The set \( \mathtt {Adj}(\cdot ) \) returns the set of neighbors on the graph for a vertex, in addition to the vertex itself. This ensures that it is possible for a robot to stay static during an edge expansion. This means that the algorithm is also able to discover solutions where a subset of the robots must remain stationary for a period of time.

6 Analysis

This section examines the properties of \(\mathtt{dRRT^*}\) starting with the asymptotic convergence of the implicit roadmap \(\hat{\mathbb {G}}\) to containing a path in \(\mathbb {C}^{f }\) with optimum cost. Then, it is shown that the online search eventually discovers the shortest path in \(\hat{\mathbb {G}}\). The combination of these two facts proves the asymptotic optimality of \(\mathtt{dRRT^*}\)and \(\mathtt{ao\hbox {-} dRRT}\).

For simplicity, the analysis considers robots operating in Euclidean space, i.e., \(\mathbb {C}_i\) is a d-dimensional Euclidean hypercube \([0,1]^d\) for fixed \(d \ge 2\). Robots are assumed to have the same number of degrees of freedom d. The results can relate to a large class of systems, which are locally Euclidean (see, Dobson and Bekris (2013)). This is applicable to all the systems under consideration in the paper, including manipulators, with bounded angular degrees of freedom. Analysis of systems, which are not locally Euclidean, requires additional rigor especially regarding the definition of the cost metric. The Discussion section includes a description of a possible extension of the presented analysis to non-holonomic systems. It is acknowledged that the arguments presented in the current section will not readily transfer to such systems.

6.1 Optimal convergence of \(\hat{\mathbb {G}}\)

In this section we prove that when the connection radius r(n)Footnote 2 used for the construction of the single-robot PRM roadmaps \(\mathbb {G}_1,\ldots ,\mathbb {G}_R\) is chosen in a certain manner, this yields a tensor-product graph \(\hat{\mathbb {G}}\), which contains asymptotically optimal paths for MMP.

Definition 3

A trajectory \(\varSigma :[0,1]\rightarrow \mathbb {C}^{f }\) is robust if there exists a fixed \(\delta >0\) such that for every \(\tau \in [0,1],X\in \mathbb {C}^{o }\) it holds that \(\Vert \varSigma (\tau )-X\Vert \ge \delta \), where \(\Vert \cdot \Vert \) denotes the standard Euclidean distance.

Definition 4

Let \(cost \) be one of the cost functions defined in Sect. 3. A value \(c>0\) is robust if for every fixed \(\epsilon >0\), there exists a robust path \(\varSigma \), such that \(cost (\varSigma )\le (1+\epsilon )c\). The robust optimum\(c^*\), is the infimum over all such values.

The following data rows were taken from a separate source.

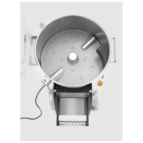 Volume van 28 liter. Capaciteit van 18 kg aardappelen per lading. Kan 240 tot 360 kg per uur schillen. Gewicht: 32,4 kg.
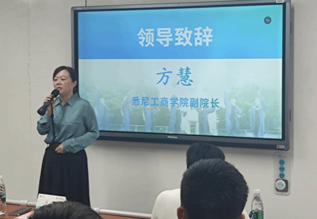 方慧副经理致辞,对同学们加入yl23455永利和UTS(悉尼科技大学)硕士项目表示欢迎,并介绍了公司的基本情况。她详细地讲述了悉商公司独特的中外合作办学优势、雄厚的团队力量、强大的团队建设和独到的办学平台,并邀请同学们共同见证公司建院30周年纪念日。侯克强老师详细介绍了MEM(工程管理硕士)项目和MF项目的培养目标、团队力量、专业设置和教学内容,帮助在座的23级新生加深了解。
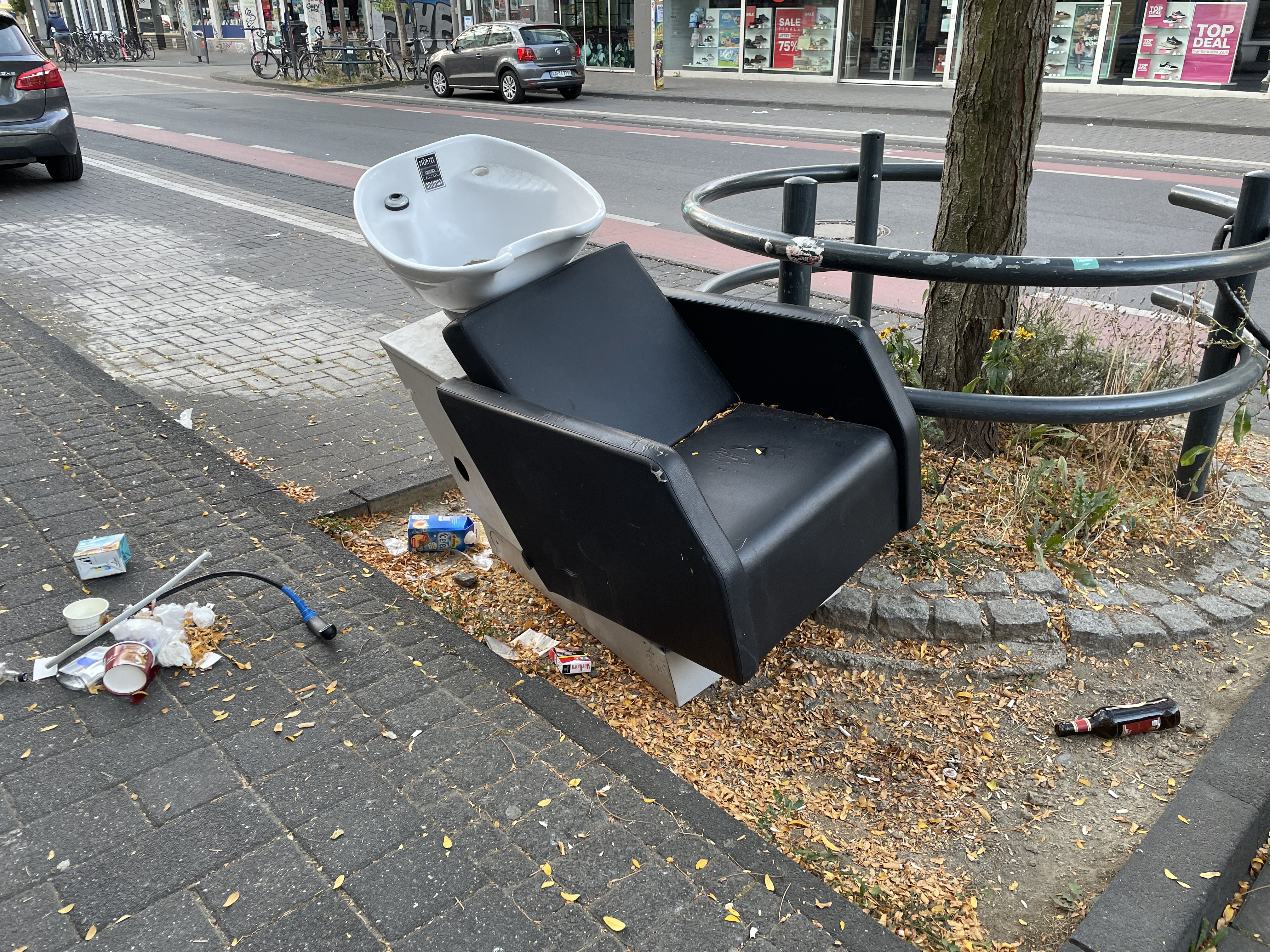 Ausrangierter Friseurwaschtisch steht seit Wochen auf der Baumscheibe - direkt vor dem Friseurladen!!!
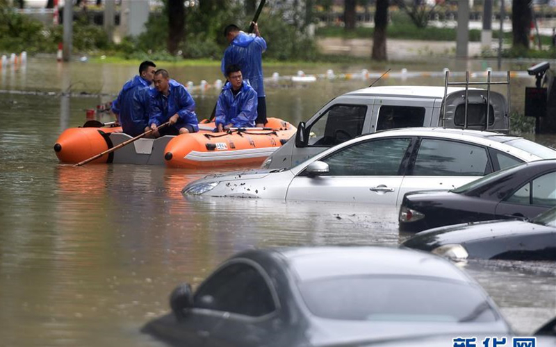 | Nước ngập sâu tại thành phố Ôn Lĩnh, tỉnh Chiết Giang. Ảnh Tân Hoa xã. |
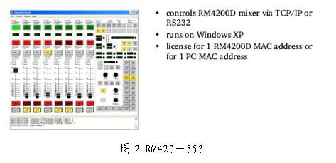 RM4200D數(shù)字調(diào)音臺(tái)是德國(guó)DHD公司的第三代產(chǎn)品,是針對(duì)數(shù)字化、網(wǎng)絡(luò)化的發(fā)展要求而研發(fā)的產(chǎn)品。其設(shè)計(jì)原理是:硬件系統(tǒng)僅僅是為軟件系統(tǒng)提供一個(gè)穩(wěn)定而強(qiáng)大的工作平臺(tái),它將實(shí)現(xiàn)軟件所特定的全部功能。
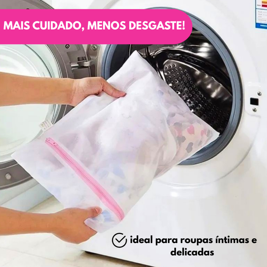 Kit Saco Roupa Delicada Lavar Máquina Saquinho Ziper Proteção E Organização Mala Viagem 30x40+40x50
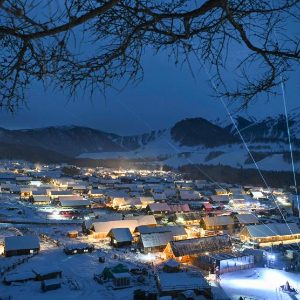 夕阳沉入西边山峦,夜幕降临,延绵雪峰下,禾木村被暖色灯光照亮,分外迷人。座座小木屋内,欢笑声中流露出冰雪旅游的热气,升腾不息。
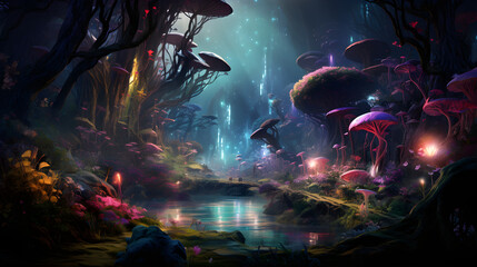Glorious night view of the bioluminescent Pandora Forest with Na'vi creatures, from the movie Avatar

For any fixed \(n\in \mathbb {N}^+\), and a specific instance of \(\hat{\mathbb {G}}\) constructed from R roadmaps, having n samples each, denote by \(\varSigma ^{(n)}\) the lowest-cost path (with respect to \(cost (\cdot )\)) from S to T over \(\hat{\mathbb {G}}\).

Definition 5

\(\hat{\mathbb {G}}\) is asymptotically optimal (AO) if for every fixed \(\epsilon > 0\) it holds that \(cost (\varSigma ^{(n)}) \le (1+\epsilon )c^*\) asymptotically almost surely,Footnote 3 where the probability is over all the instantiations of \(\hat{\mathbb {G}}\) with n samples for each PRM.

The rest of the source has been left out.